Output the full listing exactly as written, with no pictures in it.

● **DATA**
Content starts
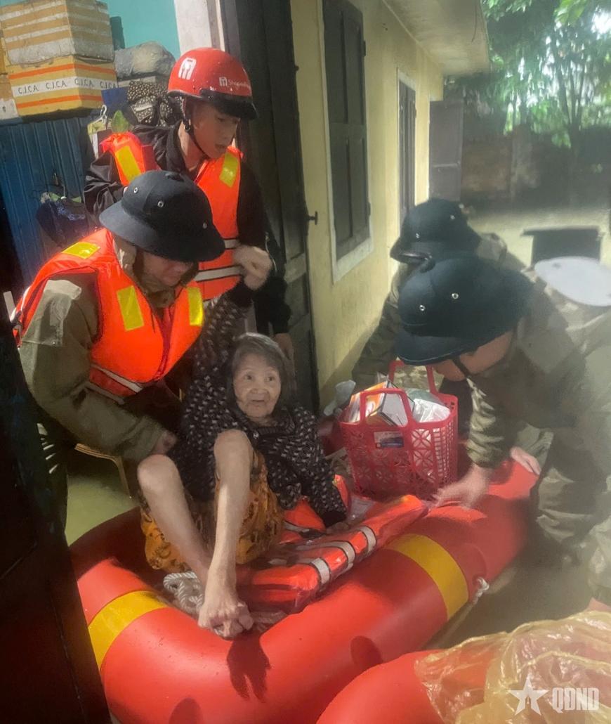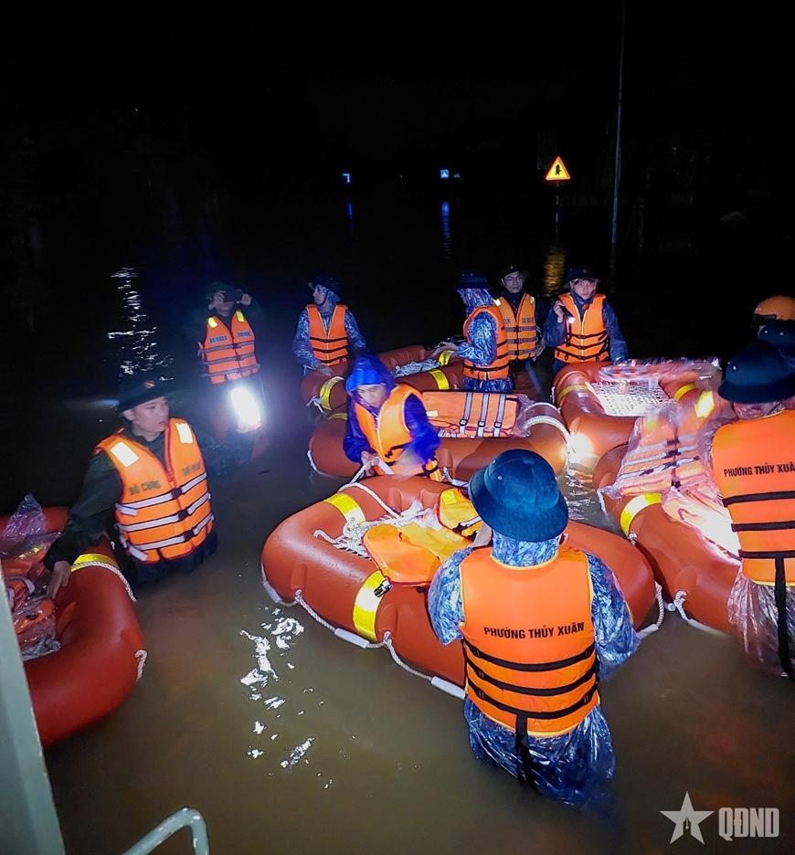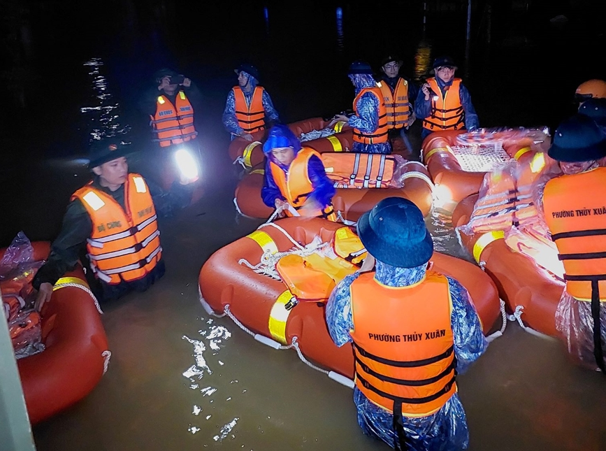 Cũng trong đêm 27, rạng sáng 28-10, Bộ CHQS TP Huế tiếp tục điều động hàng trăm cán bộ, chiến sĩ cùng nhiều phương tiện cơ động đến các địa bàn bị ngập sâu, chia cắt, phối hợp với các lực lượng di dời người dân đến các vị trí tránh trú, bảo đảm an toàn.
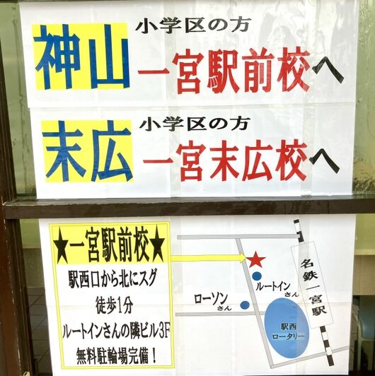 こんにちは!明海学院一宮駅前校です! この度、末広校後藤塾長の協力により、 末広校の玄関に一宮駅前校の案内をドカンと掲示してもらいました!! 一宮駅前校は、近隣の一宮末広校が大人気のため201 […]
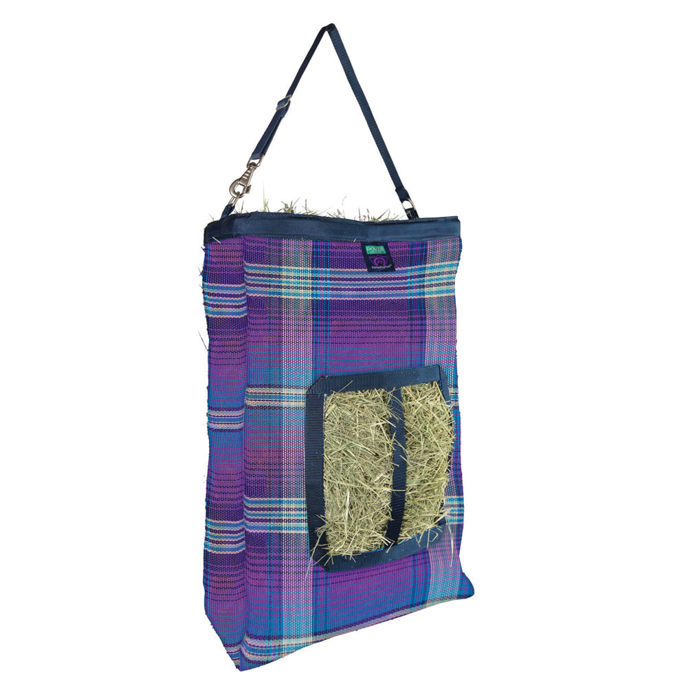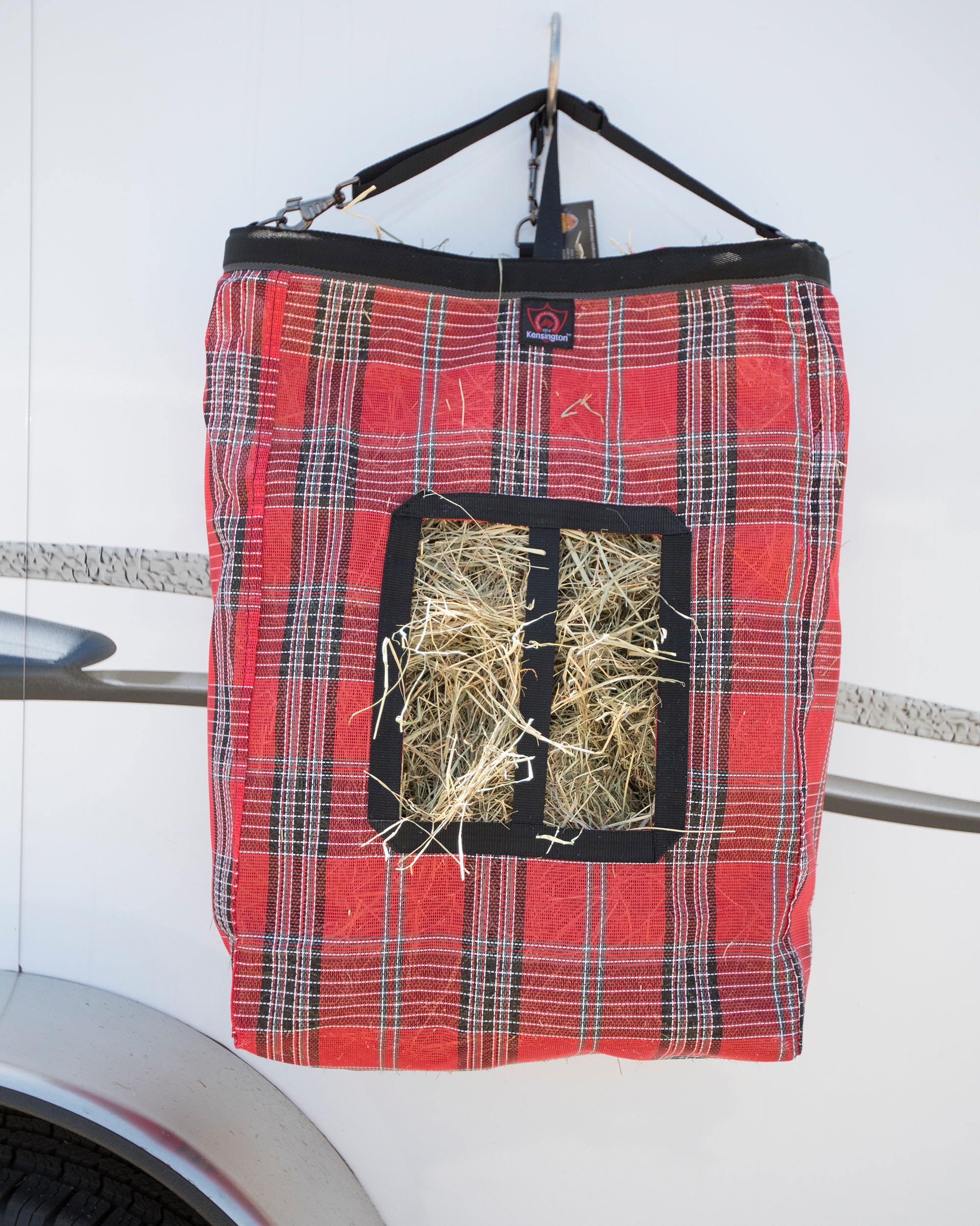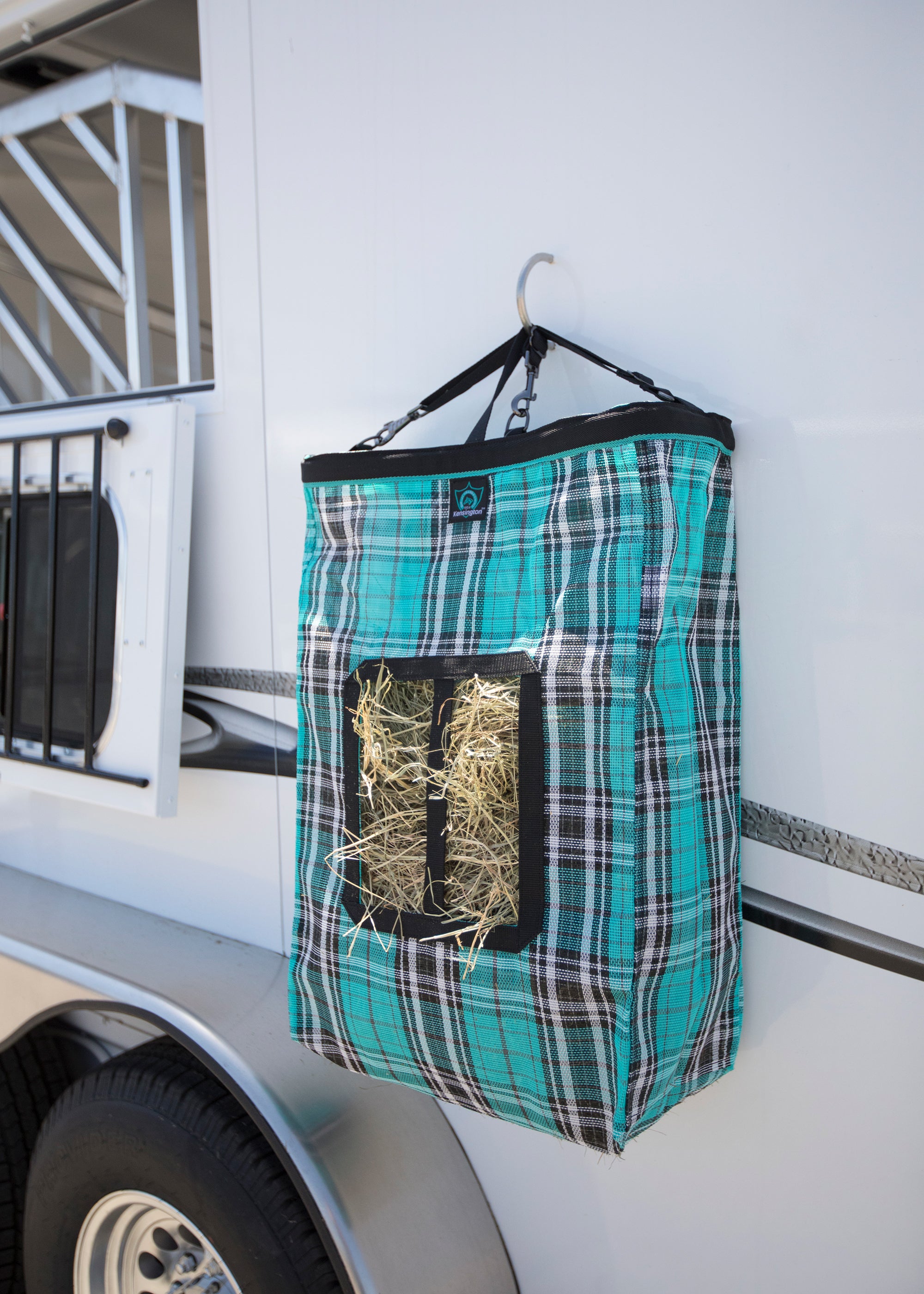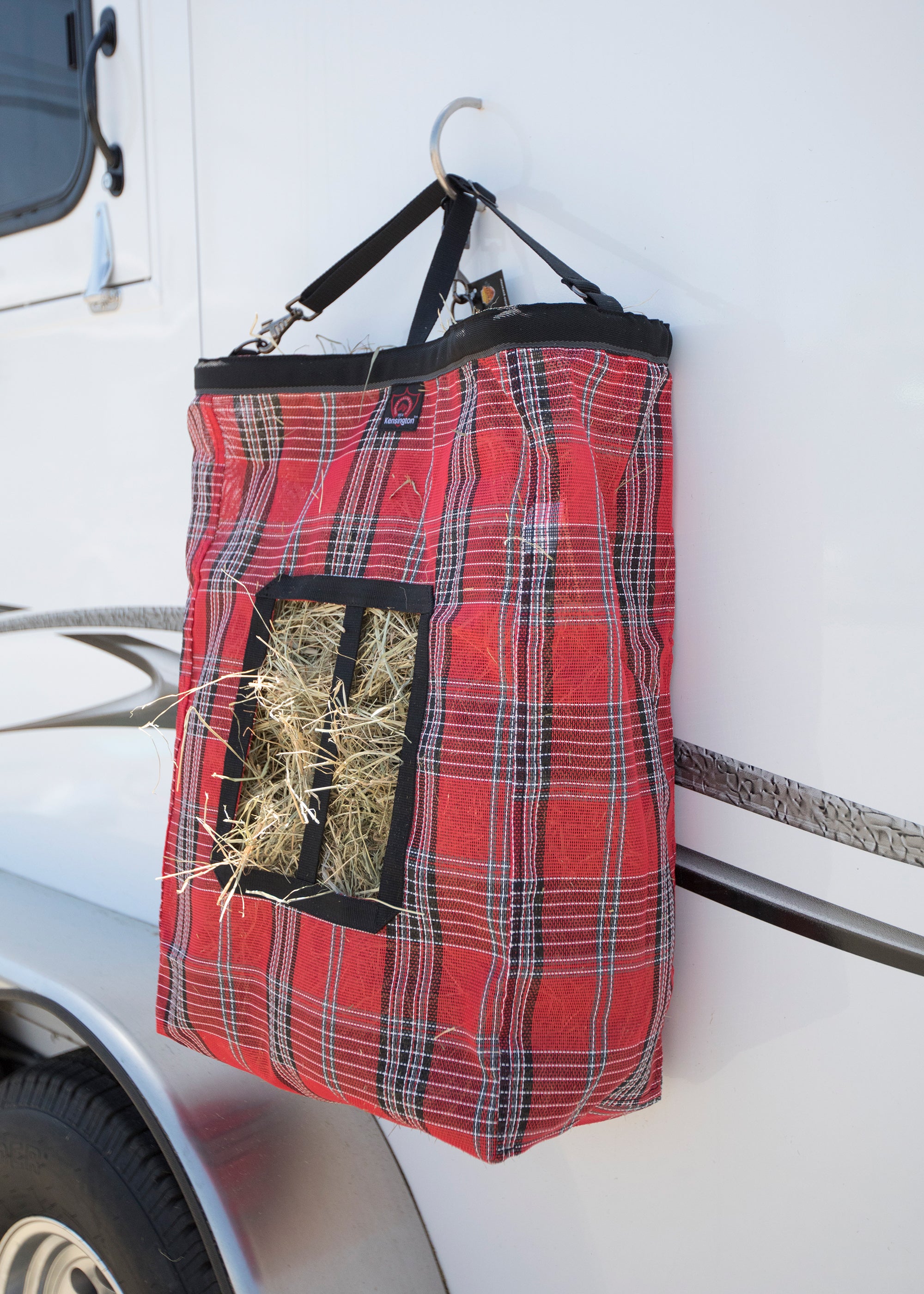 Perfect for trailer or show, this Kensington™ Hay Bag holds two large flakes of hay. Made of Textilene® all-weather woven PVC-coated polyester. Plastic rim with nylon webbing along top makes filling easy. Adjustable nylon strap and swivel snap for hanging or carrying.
Content ends
● **WRITTEN SOLUTION**
 Cũng trong đêm 27, rạng sáng 28-10, Bộ CHQS TP Huế tiếp tục điều động hàng trăm cán bộ, chiến sĩ cùng nhiều phương tiện cơ động đến các địa bàn bị ngập sâu, chia cắt, phối hợp với các lực lượng di dời người dân đến các vị trí tránh trú, bảo đảm an toàn.
 こんにちは!明海学院一宮駅前校です! この度、末広校後藤塾長の協力により、 末広校の玄関に一宮駅前校の案内をドカンと掲示してもらいました!! 一宮駅前校は、近隣の一宮末広校が大人気のため201 […]
 Perfect for trailer or show, this Kensington™ Hay Bag holds two large flakes of hay. Made of Textilene® all-weather woven PVC-coated polyester. Plastic rim with nylon webbing along top makes filling easy. Adjustable nylon strap and swivel snap for hanging or carrying.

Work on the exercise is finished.